You can look at the Web as a starter: https://html.spec.whatwg.org/#history-2
> The WHATWG was based on several core principles, (..) and that specifications need to be detailed enough that implementations can achieve complete interoperability without reverse-engineering each other.
But in my experience you need more than a spec, because an implementation is not just something that implements a spec, it is also the result of making many architectural choices in how the spec is implemented.
Also even with detailed specs AI still needs additional guidance. For example couple of weeks ago Cursor unleashed thousands of agents with access to web standards and the shared WPT test suite: the result was total nonsense.
So the future might rather be like a Russian doll of specs: start with a high-level system description, and then support it with finer-grained specs of parts of the system. This could go down all the way to the code itself: existing architectural patterns provide a spec for how to code a feature that is just a variation of such a pattern. Then whenever your system needs to do something new, you have to provide the code patterns for it. The AI is then relegated to its strength: applying existing patterns.
TLA+ has a concept of refinement, which is kind of what I described above as Russian dolls but only applied to TLA+ specs.
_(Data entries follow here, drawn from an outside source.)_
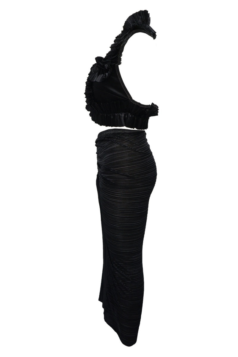 Sexy Solid Color Backless Slit Halter Sleeveless Two Pieces
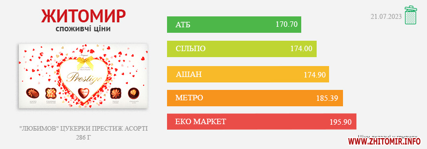 Моніторинг здійснено на основі інформації, отриманої за методом контрольної закупки 21.07.2023 р. у місцях продажу: АТБ, пр. Миру, 15 А, Ашан, вул. Київська, 77, Метро, вул. Ватутіна, 55-в, Сільпо, пл. Житній ринок, 1, Еко Маркет, вул. М. Бердичівська, 2/7
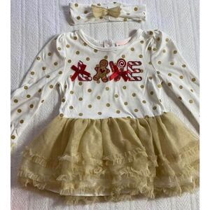 Little Lass Girls Size 6, 3-Piece Gold and Red Frilly Holiday Outfit
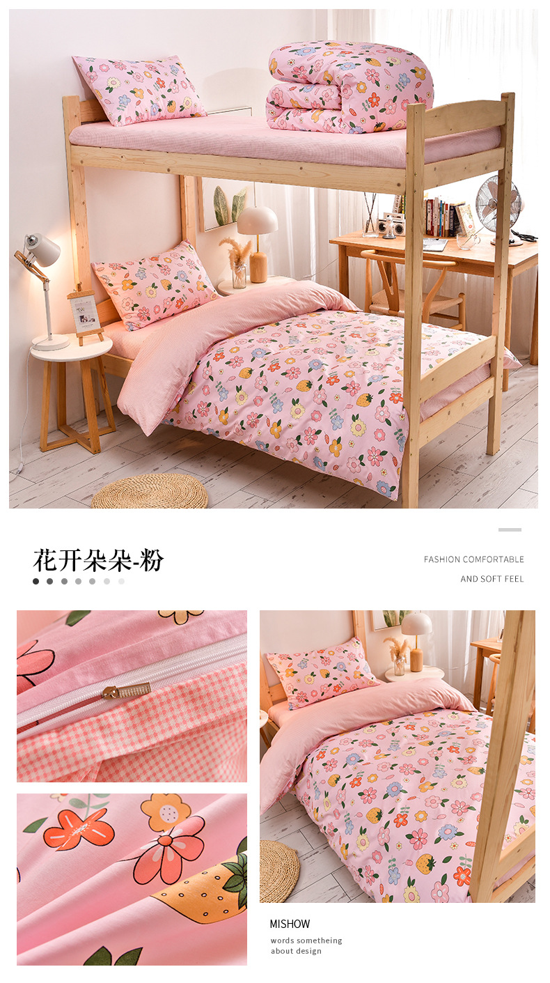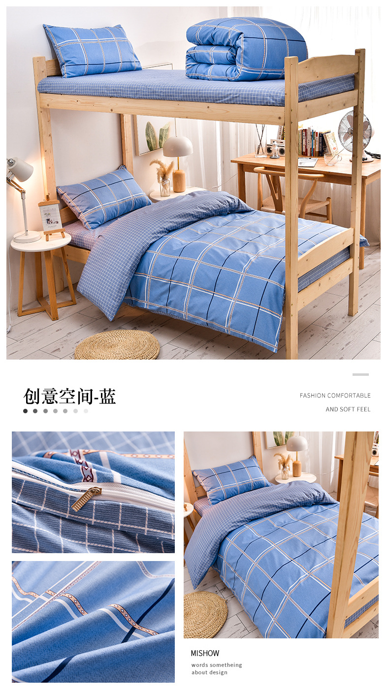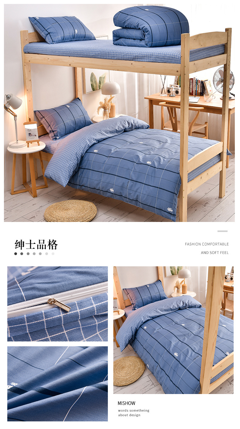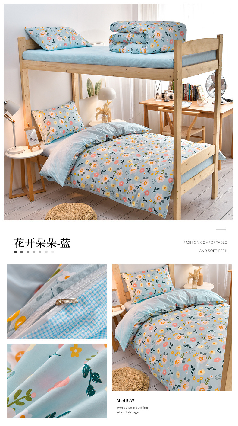 全棉学生宿舍床单三件套单人床上用品被褥全套一整套寝室员工六件
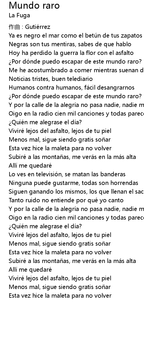 | Song | Mundo raro |
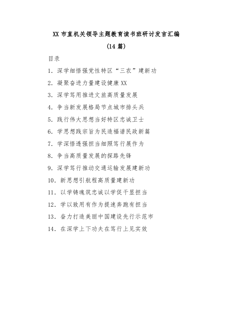 / (14篇)XX市直机关领导主题教育读书班研讨发言汇编

Here is a quote that describes the idea:
There is no fundamental distinction between specifications and implementations. We simply have specifications, some of which implement other specifications. A Java program can be viewed as a specification of a JVM (Java Virtual Machine) program, which can be viewed as a specification of an assembly language program, which can be viewed as a specification of an execution of the computer's machine instructions, which can be viewed as a specification of an execution of its register-transfer level design, and so on.